**Information shown**
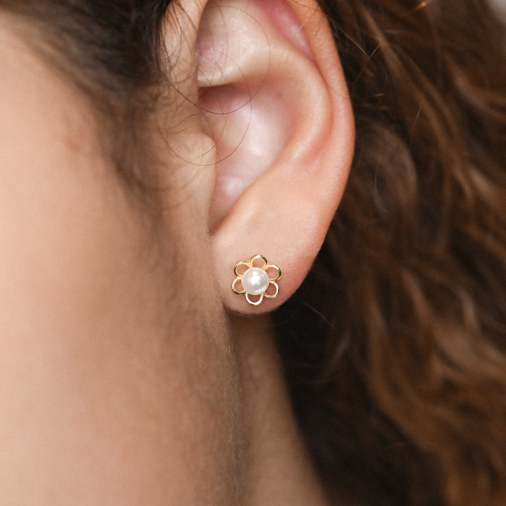 Aretes en forma de flor con perla en el centro. Elaborado en plata bañados en oro de 18k.
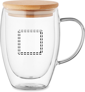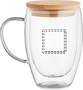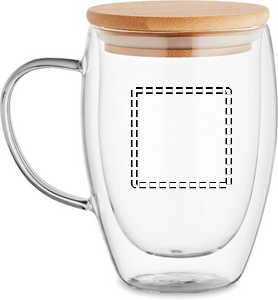 Kaksiseinäinen borosilikaattilasimuki kahvalla ja bambukannella. Tilavuus: 300 ml.
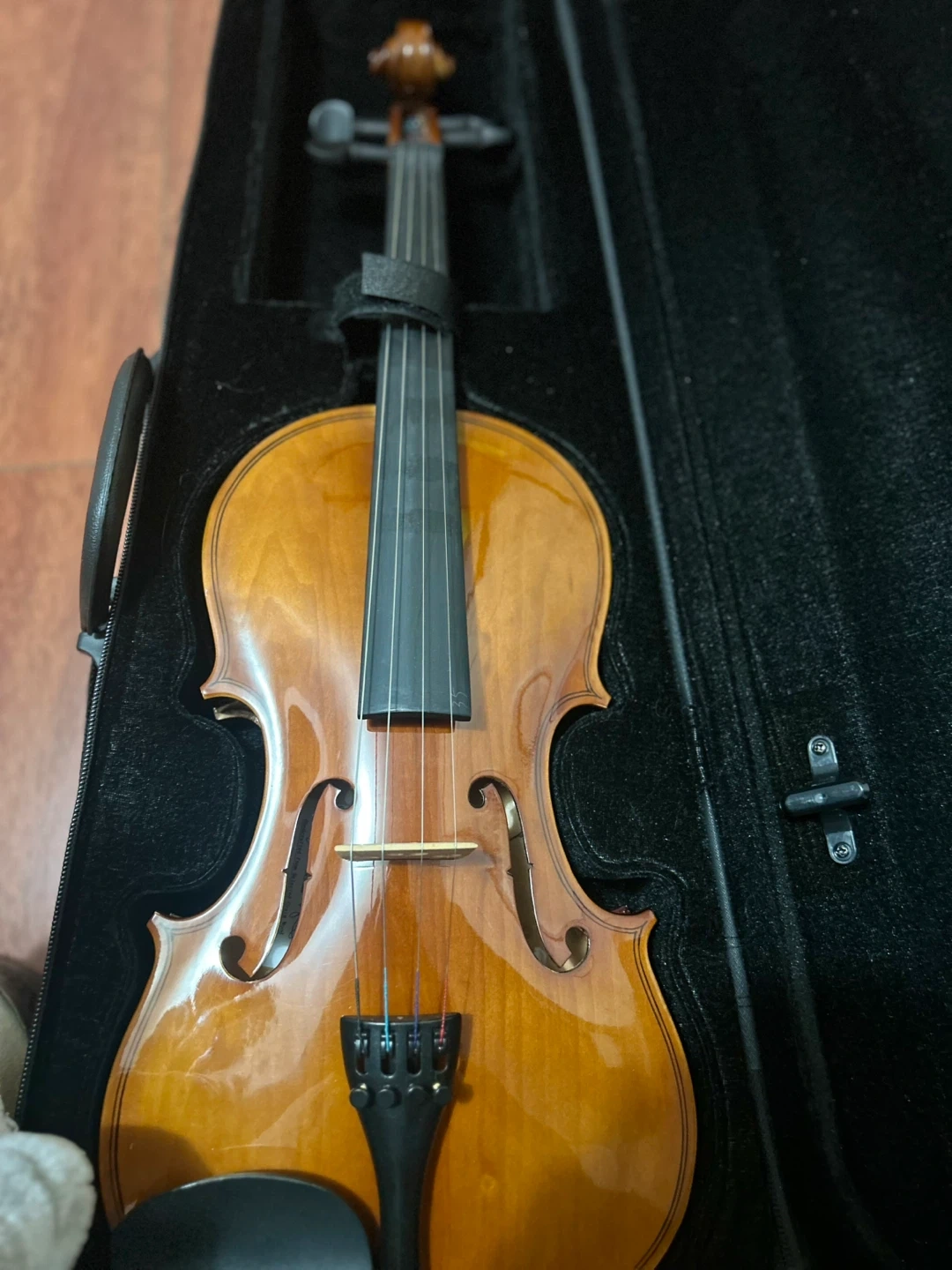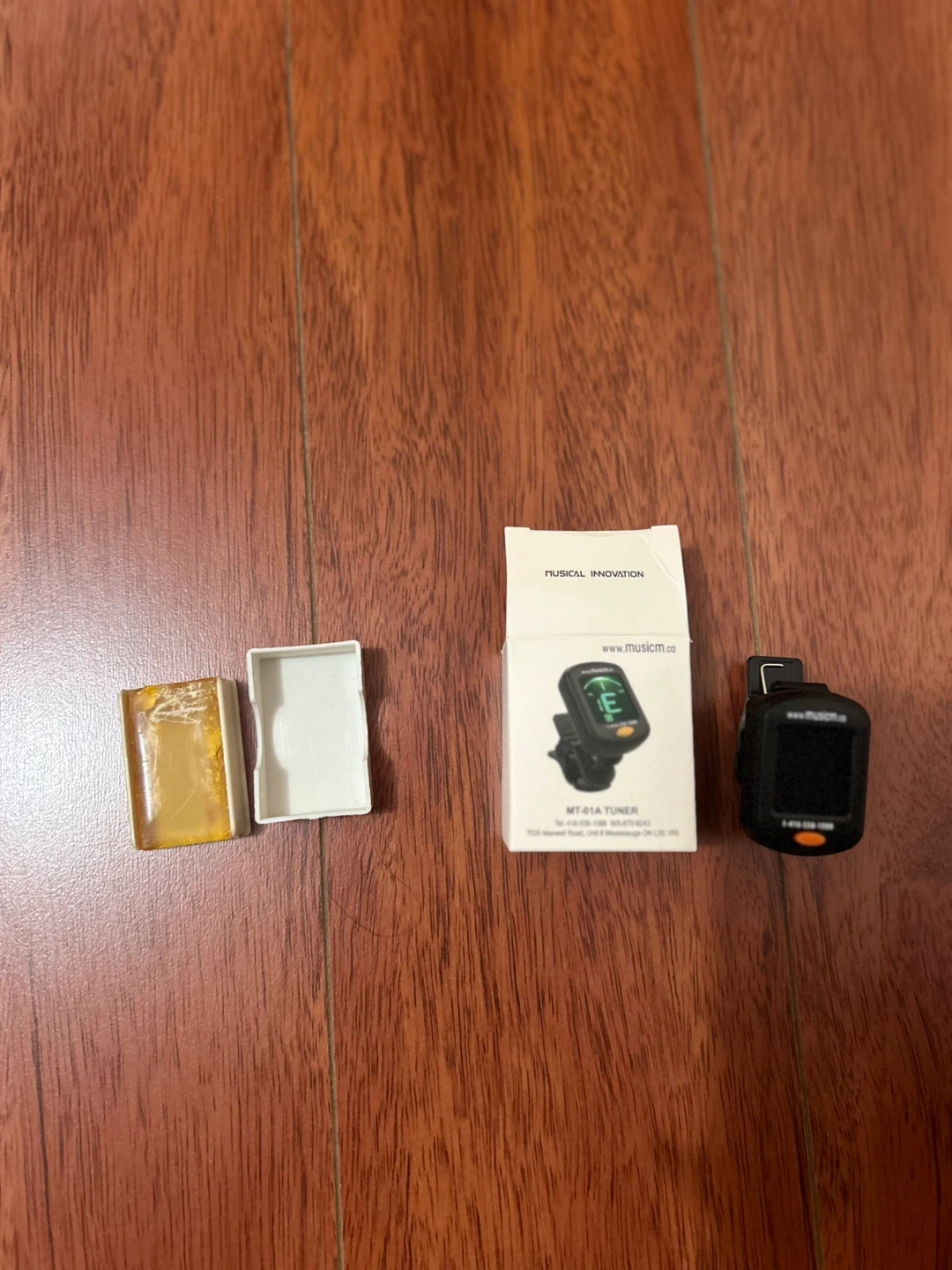 This is a violin, complete with a hard-shell case and accessories. It comes with rosin, a bow, and a clip-on tuner. The tuner's brand is MT-01A.
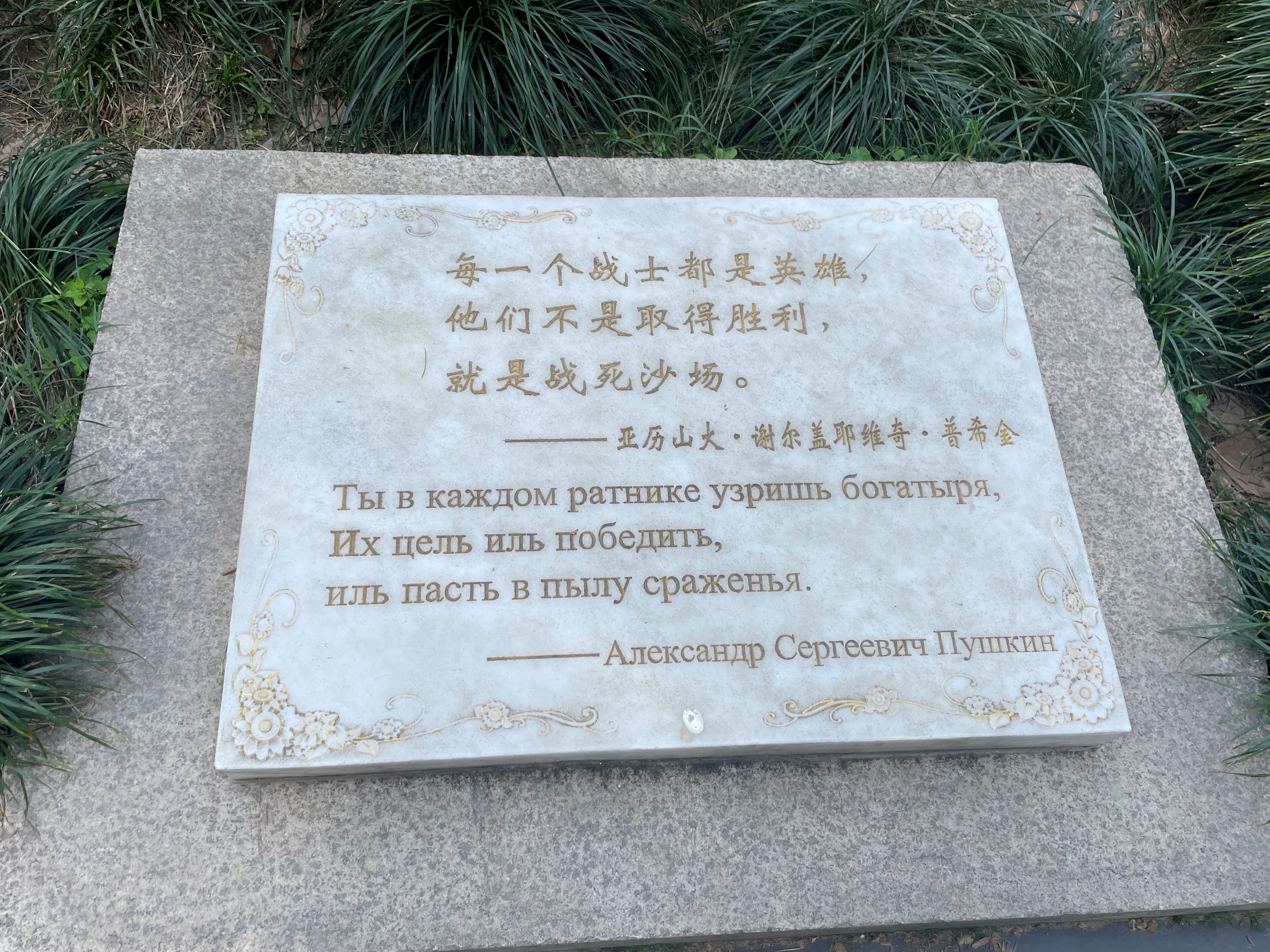 支部书记郭姝婕同志向大家介绍了苏联空军志愿队烈士墓的历史背景:1938年至1939年,苏联派遣空军志愿队到中国参加抗日战争,苏联空军志愿队与中国空军一起在武汉上空与日军展开激战,打击了日寇的嚣张气焰,库里申科等100多名指战员为此献出了宝贵的生命,其中29位烈士的遗骨安葬于武汉。习近平总书记曾指出,一个有希望的民族不能没有英雄,一个有前途的国家不能没有先锋。包括抗战英雄在内的一切民族英雄,都是中华民族的脊梁,他们的事迹和精神都是激励我们前行的强大力量。
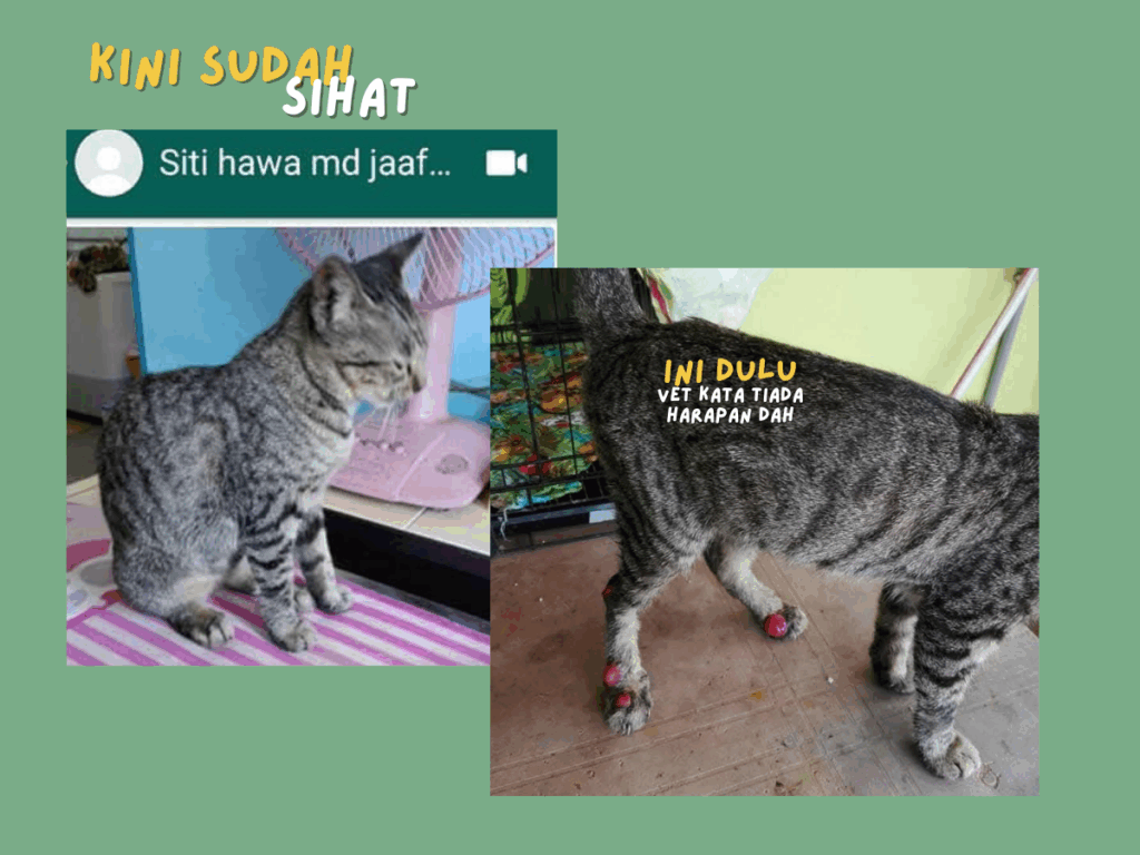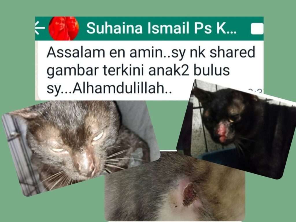 Beliau sangat teruja kerana beberapa hari sahaja sahaja kudis sporo sudah kering dan kira-kira sebulan kucingnya bebas daripada sporo. Beliau menghantar gambar-gambar testimoni merawat kucing sporo. Alhamdullillah.
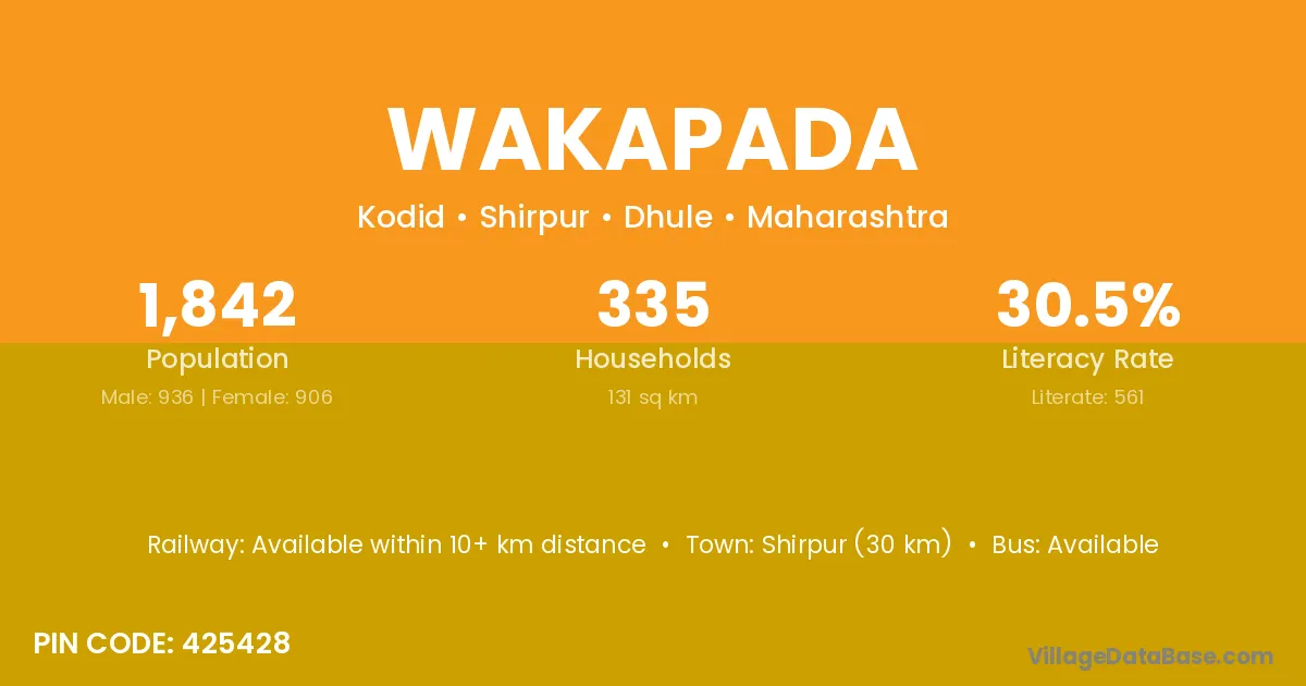 Shirpur (30 km) is the nearest town to Wakapada village for major economic activities and is located approximately 30 km away.

**What you have to do**
Reproduce every entry above exactly, and omit the pictures.

**Exercise result**
 Aretes en forma de flor con perla en el centro. Elaborado en plata bañados en oro de 18k.
 Kaksiseinäinen borosilikaattilasimuki kahvalla ja bambukannella. Tilavuus: 300 ml.
 This is a violin, complete with a hard-shell case and accessories. It comes with rosin, a bow, and a clip-on tuner. The tuner's brand is MT-01A.
 支部书记郭姝婕同志向大家介绍了苏联空军志愿队烈士墓的历史背景:1938年至1939年,苏联派遣空军志愿队到中国参加抗日战争,苏联空军志愿队与中国空军一起在武汉上空与日军展开激战,打击了日寇的嚣张气焰,库里申科等100多名指战员为此献出了宝贵的生命,其中29位烈士的遗骨安葬于武汉。习近平总书记曾指出,一个有希望的民族不能没有英雄,一个有前途的国家不能没有先锋。包括抗战英雄在内的一切民族英雄,都是中华民族的脊梁,他们的事迹和精神都是激励我们前行的强大力量。
 Beliau sangat teruja kerana beberapa hari sahaja sahaja kudis sporo sudah kering dan kira-kira sebulan kucingnya bebas daripada sporo. Beliau menghantar gambar-gambar testimoni merawat kucing sporo. Alhamdullillah.
 Shirpur (30 km) is the nearest town to Wakapada village for major economic activities and is located approximately 30 km away.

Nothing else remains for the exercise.